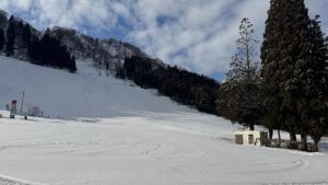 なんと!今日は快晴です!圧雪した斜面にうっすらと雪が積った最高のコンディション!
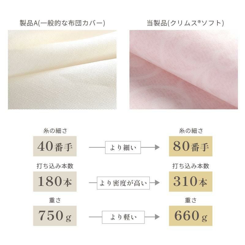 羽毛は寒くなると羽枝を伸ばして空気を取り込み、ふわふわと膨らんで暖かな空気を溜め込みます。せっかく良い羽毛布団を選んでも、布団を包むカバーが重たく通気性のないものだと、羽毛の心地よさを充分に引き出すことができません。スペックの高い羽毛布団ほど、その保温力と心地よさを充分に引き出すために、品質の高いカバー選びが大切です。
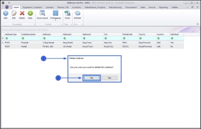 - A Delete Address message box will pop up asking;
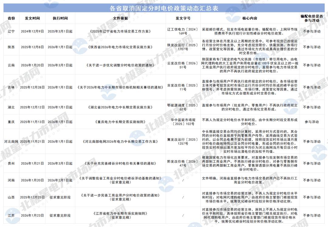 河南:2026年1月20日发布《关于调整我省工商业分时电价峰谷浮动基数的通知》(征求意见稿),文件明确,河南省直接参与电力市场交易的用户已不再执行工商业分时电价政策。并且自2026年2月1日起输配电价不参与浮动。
==
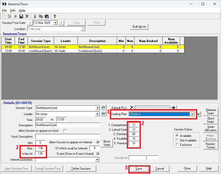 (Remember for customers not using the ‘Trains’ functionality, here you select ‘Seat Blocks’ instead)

• Task requirements:
Reproduce the data above exactly, but only the lines from the one showing "羽毛は寒くなると羽枝を伸ばし" through the one showing "河南:2026年1月20日发", with both ends kept and the pictures left out.

• Response to this task:
 羽毛は寒くなると羽枝を伸ばして空気を取り込み、ふわふわと膨らんで暖かな空気を溜め込みます。せっかく良い羽毛布団を選んでも、布団を包むカバーが重たく通気性のないものだと、羽毛の心地よさを充分に引き出すことができません。スペックの高い羽毛布団ほど、その保温力と心地よさを充分に引き出すために、品質の高いカバー選びが大切です。
 - A Delete Address message box will pop up asking;
 河南:2026年1月20日发布《关于调整我省工商业分时电价峰谷浮动基数的通知》(征求意见稿),文件明确,河南省直接参与电力市场交易的用户已不再执行工商业分时电价政策。并且自2026年2月1日起输配电价不参与浮动。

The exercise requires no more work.